## TASK DETAILS
Given the material below, output exactly the lines from the line with "таможенного декларирования в" to the line with "Description of the", both ends included, and no other lines.

## EXERCISE MATERIAL
%%
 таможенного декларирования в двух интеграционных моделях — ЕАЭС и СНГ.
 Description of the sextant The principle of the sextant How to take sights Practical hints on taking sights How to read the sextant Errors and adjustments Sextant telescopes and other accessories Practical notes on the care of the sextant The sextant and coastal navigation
%%
%%
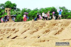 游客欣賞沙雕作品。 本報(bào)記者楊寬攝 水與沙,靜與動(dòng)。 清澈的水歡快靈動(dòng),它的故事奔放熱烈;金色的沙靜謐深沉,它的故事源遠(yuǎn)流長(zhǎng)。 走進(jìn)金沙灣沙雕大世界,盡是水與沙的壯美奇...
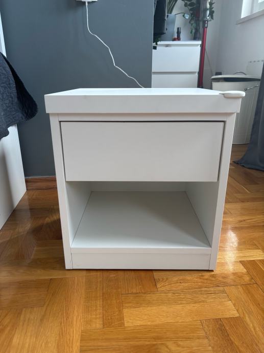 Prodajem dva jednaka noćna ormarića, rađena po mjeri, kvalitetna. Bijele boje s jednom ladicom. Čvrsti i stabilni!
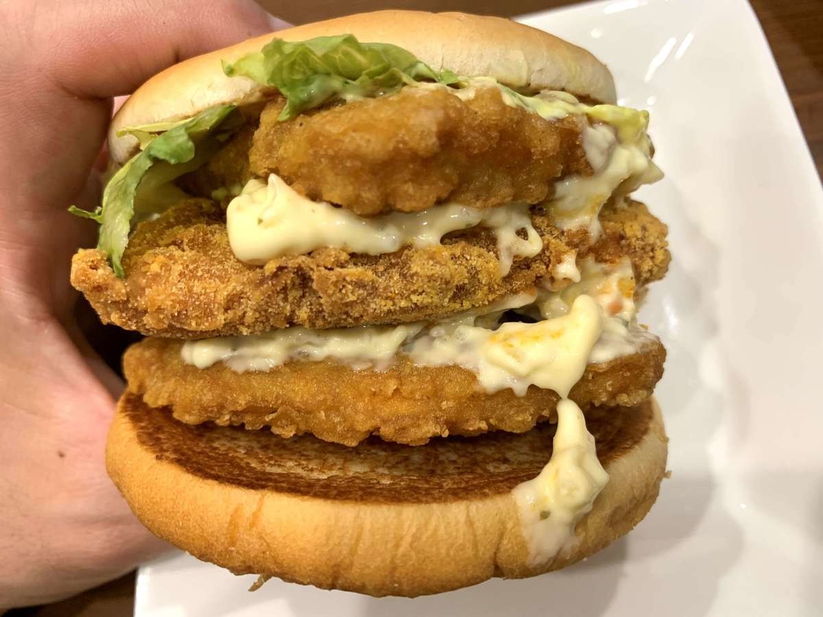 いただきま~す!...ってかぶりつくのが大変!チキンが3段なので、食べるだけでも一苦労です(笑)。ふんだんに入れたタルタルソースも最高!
%%
## ANSWER FOR THIS EXERCISE
 таможенного декларирования в двух интеграционных моделях — ЕАЭС и СНГ.
 Description of the sextant The principle of the sextant How to take sights Practical hints on taking sights How to read the sextant Errors and adjustments Sextant telescopes and other accessories Practical notes on the care of the sextant The sextant and coastal navigation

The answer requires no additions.